[[ Source material open ]]
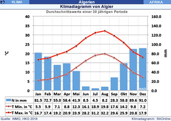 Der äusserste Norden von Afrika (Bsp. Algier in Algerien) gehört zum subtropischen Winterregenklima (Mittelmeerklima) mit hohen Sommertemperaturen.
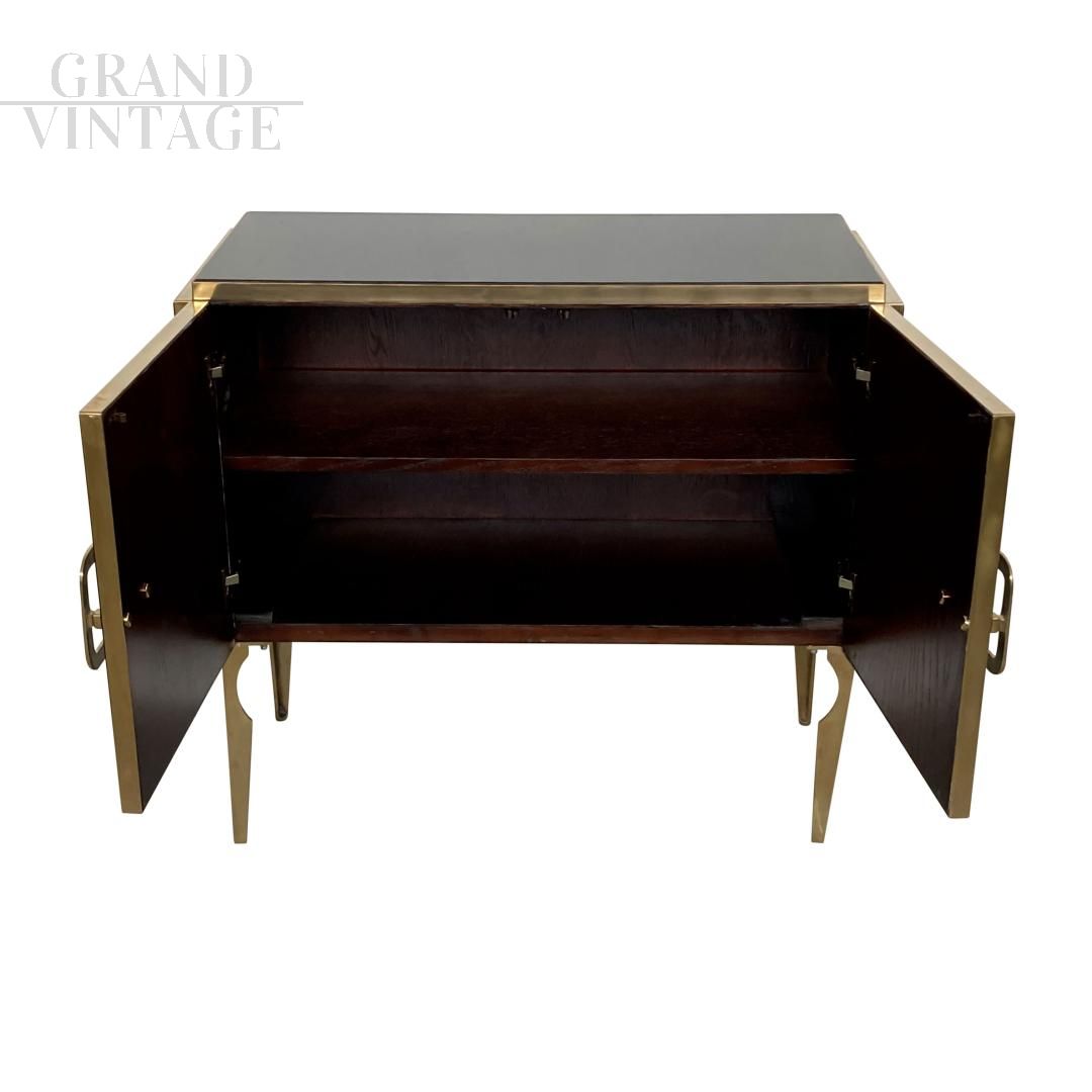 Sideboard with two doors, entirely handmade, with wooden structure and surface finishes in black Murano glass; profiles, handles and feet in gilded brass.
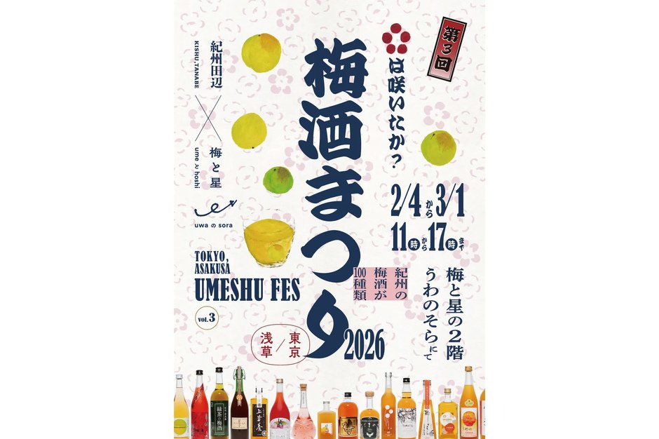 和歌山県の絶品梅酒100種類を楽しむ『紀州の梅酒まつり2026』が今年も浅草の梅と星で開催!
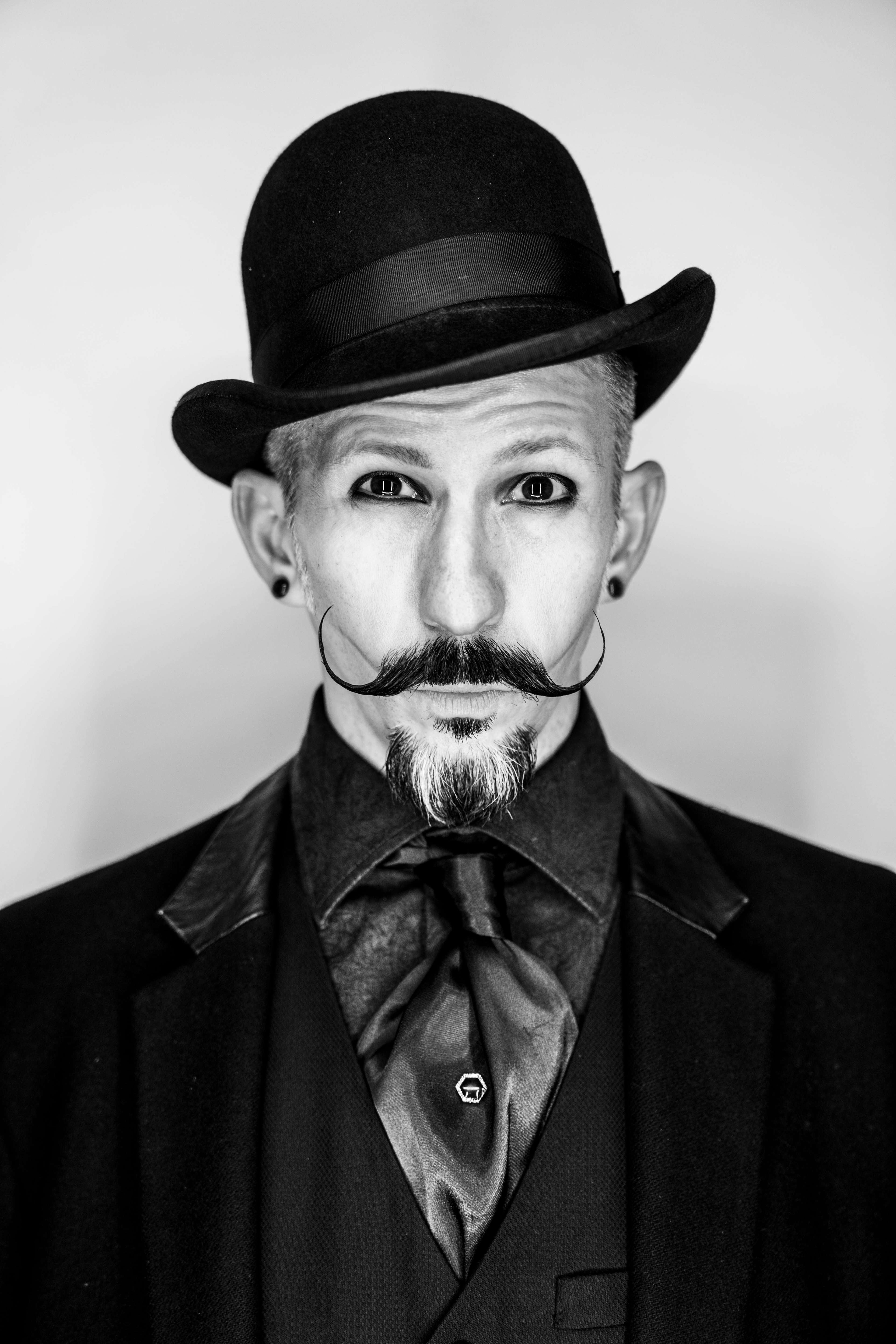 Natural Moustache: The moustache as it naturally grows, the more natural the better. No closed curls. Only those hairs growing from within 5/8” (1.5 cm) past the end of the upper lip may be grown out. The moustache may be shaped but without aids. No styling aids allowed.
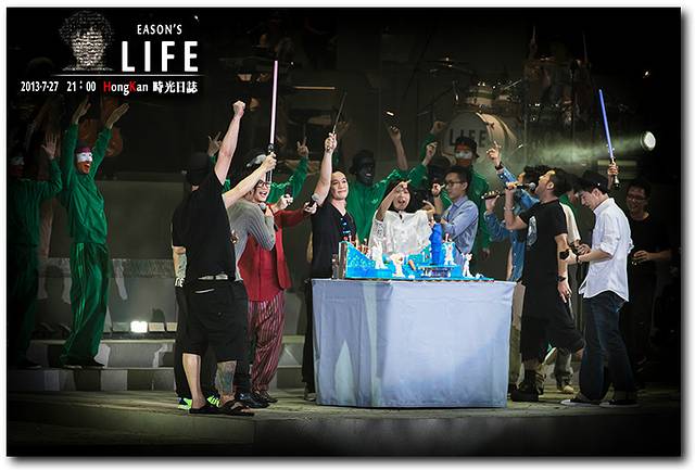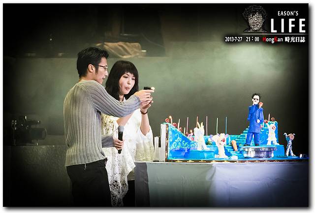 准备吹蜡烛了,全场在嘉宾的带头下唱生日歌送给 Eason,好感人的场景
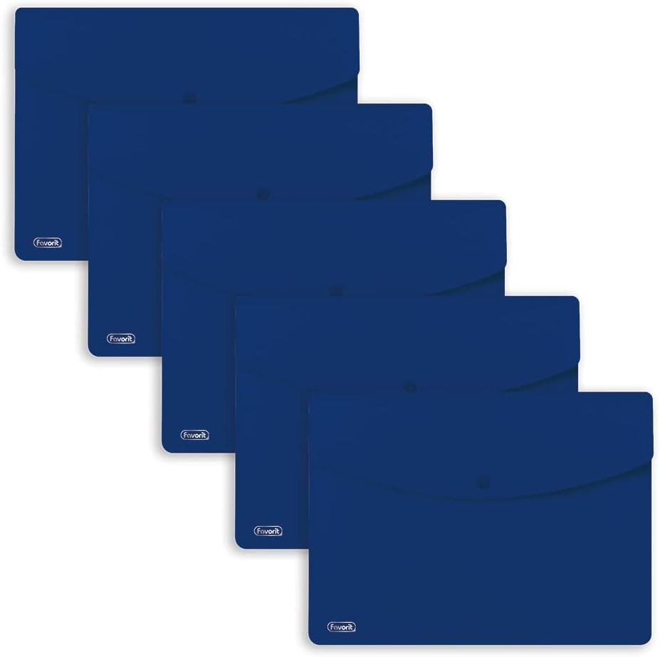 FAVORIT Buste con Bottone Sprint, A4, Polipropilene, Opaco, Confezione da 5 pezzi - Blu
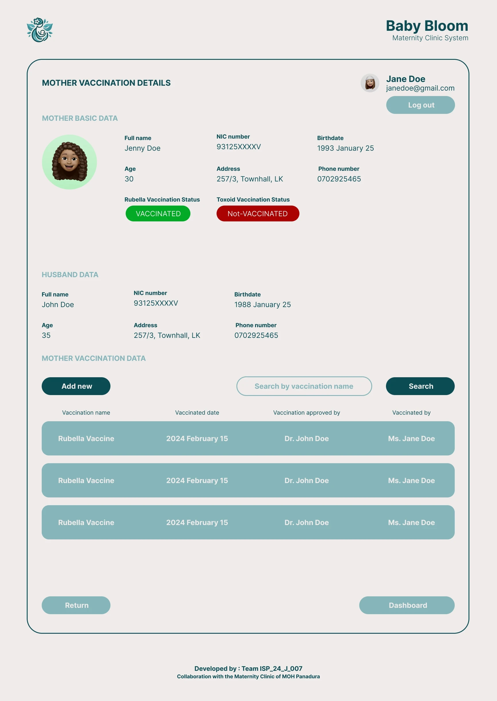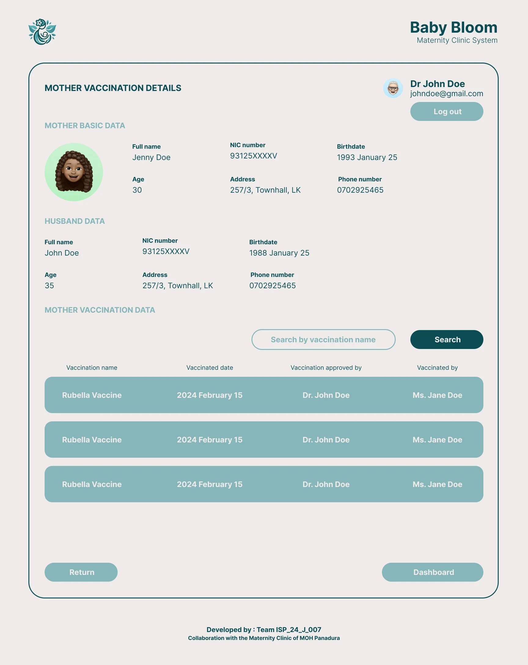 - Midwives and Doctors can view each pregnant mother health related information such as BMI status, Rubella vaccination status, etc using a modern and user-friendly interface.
[[ Source material closed ]]
[[ Source material open ]]
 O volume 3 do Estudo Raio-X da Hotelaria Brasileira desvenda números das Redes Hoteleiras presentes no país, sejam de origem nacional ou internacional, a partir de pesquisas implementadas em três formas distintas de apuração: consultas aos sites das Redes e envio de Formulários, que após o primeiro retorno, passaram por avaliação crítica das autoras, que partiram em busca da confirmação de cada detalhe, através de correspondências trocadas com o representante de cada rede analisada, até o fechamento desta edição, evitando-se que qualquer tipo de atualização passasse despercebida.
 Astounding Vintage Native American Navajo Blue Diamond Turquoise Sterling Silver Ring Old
[[ Source material closed ]]
[[ Source material open ]]
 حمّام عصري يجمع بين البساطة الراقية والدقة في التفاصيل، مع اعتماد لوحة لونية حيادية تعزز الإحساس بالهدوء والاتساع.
[[ Source material closed ]]
What you have to do: From the data above, return exactly the lines from the one with "Sideboard with two" up to and including the one with "- Midwives and". Pictures do not go in the copy.

Task response:
 Sideboard with two doors, entirely handmade, with wooden structure and surface finishes in black Murano glass; profiles, handles and feet in gilded brass.
 和歌山県の絶品梅酒100種類を楽しむ『紀州の梅酒まつり2026』が今年も浅草の梅と星で開催!
 Natural Moustache: The moustache as it naturally grows, the more natural the better. No closed curls. Only those hairs growing from within 5/8” (1.5 cm) past the end of the upper lip may be grown out. The moustache may be shaped but without aids. No styling aids allowed.
 准备吹蜡烛了,全场在嘉宾的带头下唱生日歌送给 Eason,好感人的场景
 FAVORIT Buste con Bottone Sprint, A4, Polipropilene, Opaco, Confezione da 5 pezzi - Blu
 - Midwives and Doctors can view each pregnant mother health related information such as BMI status, Rubella vaccination status, etc using a modern and user-friendly interface.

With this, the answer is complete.